Research scientist Dmitry Levin holds an exact 3D replica of a UW Medicine patient’s heart

Both VA Puget Sound and the UW Medicine were early adopters of 3D printing technology and are seen as leaders in their fields. Developments from this research agreement are expected to not only benefit VA’s 9 million enrolled patients and UW Medicine’s broad geographic patient base but also to reach patients outside of these hospital networks. According to VA Puget Sound, innovations from the collaboration are expected to inform future research, development, and scalability of 3D printing applications to advance treatment approaches to address the complexities of heart disease globally.

Beth Ripley

“VA Puget Sound Health Care System provides comprehensive care to more than 110,000 Veterans enrolled at one of its nine facilities in the Pacific Northwest (two divisions in Seattle and Tacoma; seven Community Based Outpatient Clinics in Bellevue, Bremerton, Chehalis, Federal Way, Mount Vernon, Port Angeles, and North Seattle). As the VA’s fifth-largest research program, VA Puget Sound has research in virtually every major clinical department, including: TBI & multiple blast exposures; memory improvement and Alzheimer’s Disease; PTSD and deployment health; Parkinson’s Disease, diabetes; cancer; substance abuse; lower limb prosthetics; genomics; and Health Services. Additionally, we have seven nationally recognized Centers of Excellence, in areas from limb-loss prevention and prosthetic engineering to primary care education and substance abuse treatment,” Ripley stated.

3D aortic valve with TAVR bioprosthetic

Ripley also reflected about the next frontier for the VA Puget Sound. She believes they will soon be moving into bioprinting, creating living, vascularized bone.

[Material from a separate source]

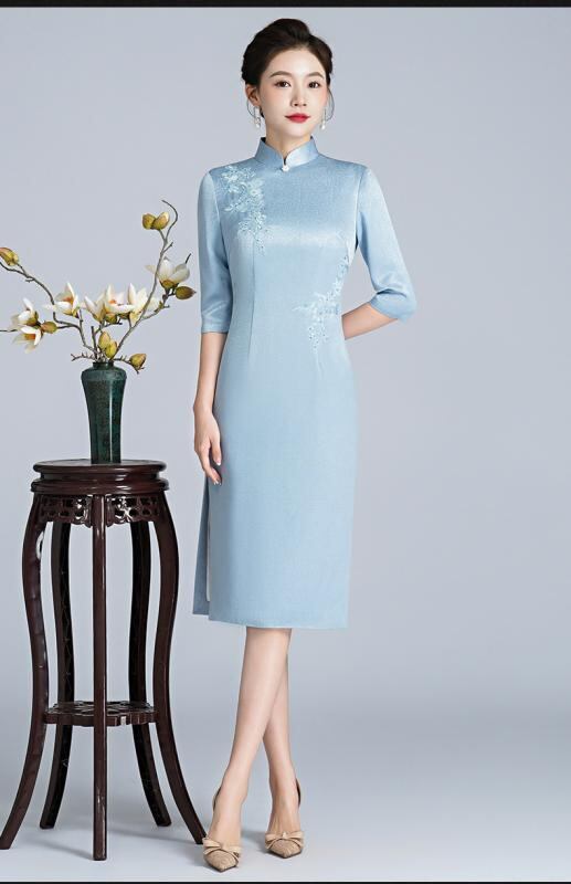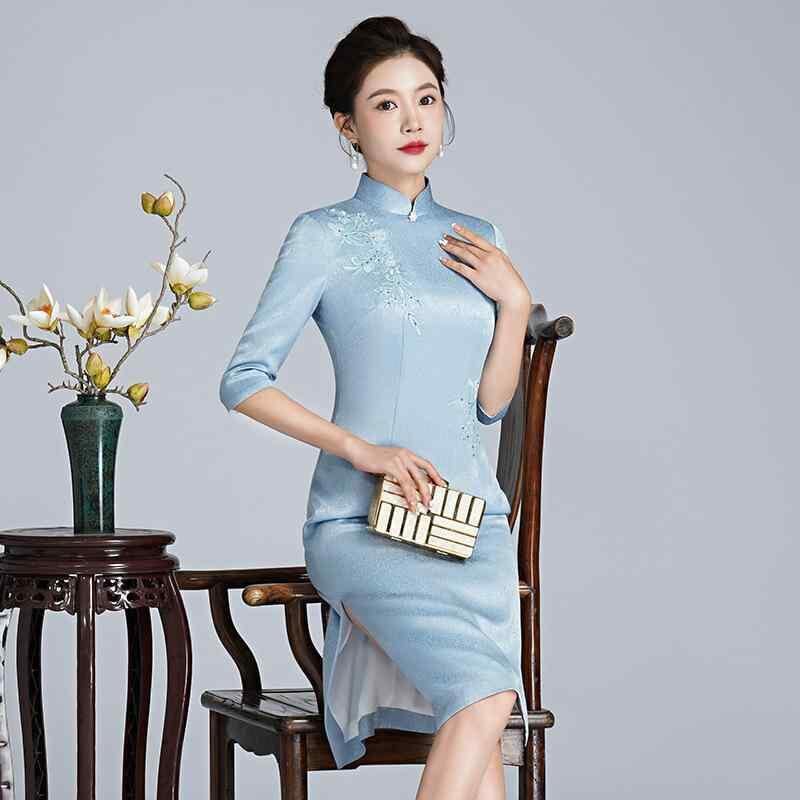 チャイナドレス レディース 若年層向け アセテートサテン ポリエステル 中国風 刺繡 改良デザイン 立体装飾 スタンドカラー 五分袖 ミドル丈 ロースリット ワンピース エレガント レトロ スカイブルー 春夏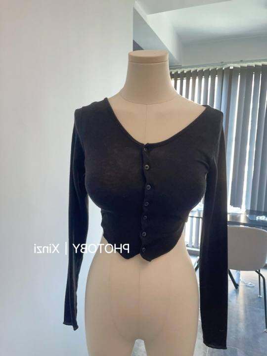 现货~51STUDIO自制新款简约长袖开衫性感紧身纯色小衫

“Currently, when a bone has to be removed due to cancer or chronic infection, it must be replaced with bone taken from another source, often the patient’s own bone. This means a second surgical site and the loss of bone from that site. The goal of printing living, vascularized bone is to provide a means of replacing diseased bone without the morbidity of harvesting it from the patient. Patients with cancers affecting the bone or chronic infections (such as can occur with diabetes) will benefit the most. Success will also lay important groundwork for creation of other living tissues, such as organs.”

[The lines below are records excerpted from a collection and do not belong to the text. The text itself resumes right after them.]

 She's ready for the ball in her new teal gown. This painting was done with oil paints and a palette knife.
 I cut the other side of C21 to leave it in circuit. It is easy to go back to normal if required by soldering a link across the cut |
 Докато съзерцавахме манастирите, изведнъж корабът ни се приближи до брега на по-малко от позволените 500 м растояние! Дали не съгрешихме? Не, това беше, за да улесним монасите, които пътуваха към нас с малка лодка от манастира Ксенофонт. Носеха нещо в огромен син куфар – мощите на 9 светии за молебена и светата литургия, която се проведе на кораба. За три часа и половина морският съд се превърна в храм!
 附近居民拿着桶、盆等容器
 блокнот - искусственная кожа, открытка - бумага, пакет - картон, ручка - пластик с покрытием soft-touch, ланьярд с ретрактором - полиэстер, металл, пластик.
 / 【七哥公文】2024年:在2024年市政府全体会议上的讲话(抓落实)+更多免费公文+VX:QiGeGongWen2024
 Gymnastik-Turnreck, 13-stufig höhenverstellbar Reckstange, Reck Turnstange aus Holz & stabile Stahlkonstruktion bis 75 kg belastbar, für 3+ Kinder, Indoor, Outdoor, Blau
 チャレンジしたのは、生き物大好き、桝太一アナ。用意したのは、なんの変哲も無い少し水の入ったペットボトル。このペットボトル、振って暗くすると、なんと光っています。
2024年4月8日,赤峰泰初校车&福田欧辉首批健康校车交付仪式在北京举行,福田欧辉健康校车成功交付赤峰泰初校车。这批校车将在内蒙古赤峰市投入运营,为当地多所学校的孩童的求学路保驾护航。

Like her colleagues in the VA, Ripley believes that heart disease, diabetes, and cancer are all chronic disease processes that 3D printing is addressing, and in the future, they would like to continue to extend the reach of the technology to address other health concerns. There are 18.2 million veterans in the US that could benefit from the advances in 3D printing, plus all the patients that would indirectly be aided thanks to the advances in research being undertaken. It feels like this is a win-win situation for the patient population of the United States, present and future.